Not to mention that not everyone approaches these games from the same perspective and with the same goal.

Edit: That OG nonsense is understandable though. It's the same "honest game" that Kbrad was talking about just a few days ago. OSes just don't fit with their perception of what a good game is or what they want it to be.
 

Astarte

Member
I think before, I didn't really pay attention, I just wanted some links to mame roms

and that saidago doujin with Karin

I see you over there with the spoiler :V

I think my first fighting game was Tekken 3 or Super Puzzle Fighter 2 Turbo if that counts.
 
You're an OG if you cashed in your 401k to beat a party game in a donation drive.

Which means no Tekken player is eligible because they are still working their jobs.
 

Infinite

Member
I started playing fighting games seriously with Soul Calibur and Smash. So 99 I think. But I been playing the genre since before that.
 

Anne

Member
Let's just go with my self as an anecdotal example. I don't feel like I need to learn specific OSes, I guess I see them as an advanced technique. I haven't even started using FD breaking in Xrd or FDing every jump out attempt.

Not to mention that not everyone approaches these games from the same perspective and with the same goal.

I'm specifically talking people who want to win lol people come to tournaments, say they wanna win, lose to the same advanced techniques over and over again, then complain about the techniques they could just learn to use and pray to old player "fundamentals" instead.

If you're not that invested I don't care that's fine, but I'm tired of people telling me about godlike reads and footsies being better than actually knowing how the game works. It's a pretty American mindset I feel.

Yeah it's that "it doesn't fit" mindset. It's pretty silly and weird to me.
 
I watched Karate Champ games at the bowling alley. Whoever knew the jump kick always won.

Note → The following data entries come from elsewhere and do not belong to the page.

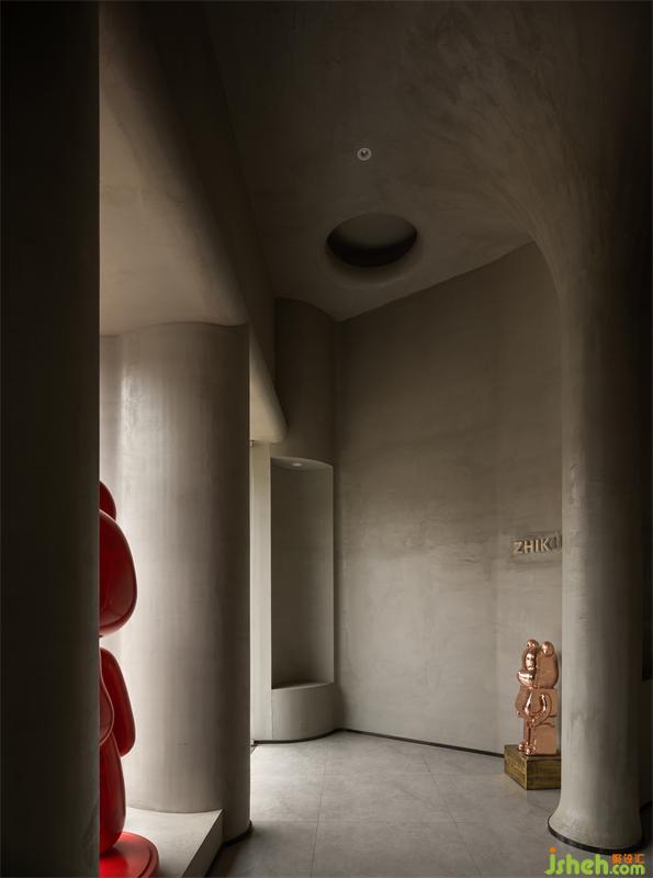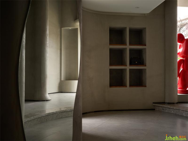 隔離了市儈的招搖,驛動的心被帶入室內。店鋪設計建筑梁結構與不同樓板之間的關系,與幾何構造相互滲透,讓復雜性聚合成一個整體。避免了機械的乖張,故意營造出讓人詫異的破壞性影劇場景,特意手工打造的好幾種斑駁藝術圖案的漆面,在四季白晝的光線中漸隱漸顯,與厚重的幾何體塊幻化交織,迭代出飄渺的神秘效應。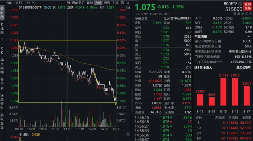 主流ETF方面,A股核心宽基ETF——800ETF(515800)收跌1.19%,全天成交额3.27亿元,基金最新规模超37亿元!800ETF(515800)全天持续溢价交易,买盘力道强劲,反映资金或继续逢跌布局。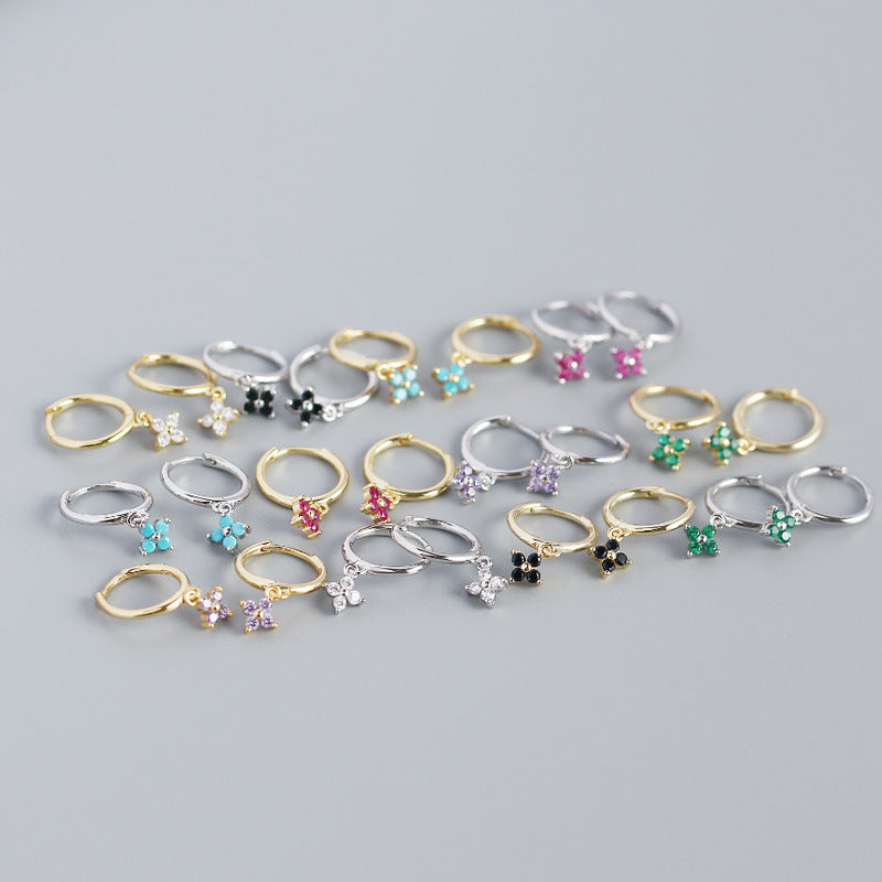 Wholesale French Style S925 Sterling Silver Geometric Diamond Floral Silver Earrings

I don't think my town ever got a Karate Champ machine but I used to watch Yie Ar Kung Fu as well.

A quarter was a lot of money at the time so I didn't play the games much but I would watch them a lot.
 

petran79

Banned
There's nothing like being a kid and playing KI in a snes emulator for PC and only button mashing with Cinder. -> -> HP or playing Tekken 3, picking Eddy and only press XO till you win. You can't get more OG than that!

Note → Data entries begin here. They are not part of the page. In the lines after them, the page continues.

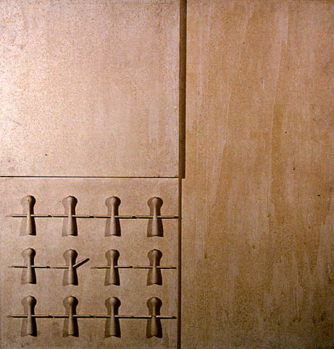 Dieci angoli n.21/68, legnodipinto, 58×45, sul retro: Caraian 1968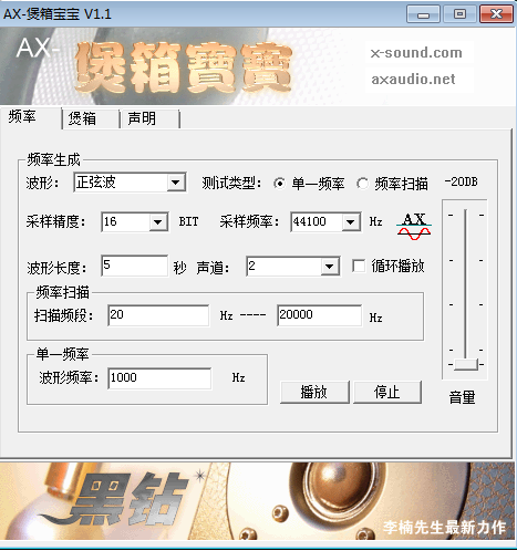 AX煲箱宝宝一款纯软件的音频信号发生器,通过用户设置频率生成新的音频频率使用户音箱音质效果变得更好,是一款很好的测试音箱频率响应的工具,软件免费使用,无需安装,操作很简单,能够快速准确的帮助用户设置一段适合自己音箱的频率。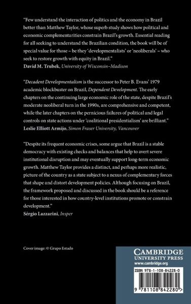 This book describes the institutional context that has thwarted the emergence of either a capable developmental or a neoliberal alternative in Brazil since the return to democracy in 1985. The work is a key source for scholars and students of comparative political economy, political science, economics, sociology, and development studies.

My most proud gaming achievement was finishing Battle Beast in 1996. I wonder how I tolerated such crap
 

Beta Stage

Neo Member
My first fighting game was SFII CE. I was 3 and I had no idea what I was doing. But if you want to talk about a true OG, then my dad is the OGest. His first fighting game was Karate Champ. Get on his level GAF.
 
My first fighting game was SF2 Champion Edition. I found it on one of the bootleg SNES rom discs that came with my family's Chinese VCD player which had a built-in super illegal emulator functionality. I found it by launching every game on the disc which were all listed in Chinese in the menus, I think the Chinese name for SF2 involved panthers or something.
 

BadWolf

Member
Pretty sure my first fighting game was SF2, was around 5 or 6 years old and tried it at an arcade.

Remember a Guile player kicking my butt (he was much older).
 
First fighting game, huh? I guess technically it would be Melee even though I didn't think of it as such at the time.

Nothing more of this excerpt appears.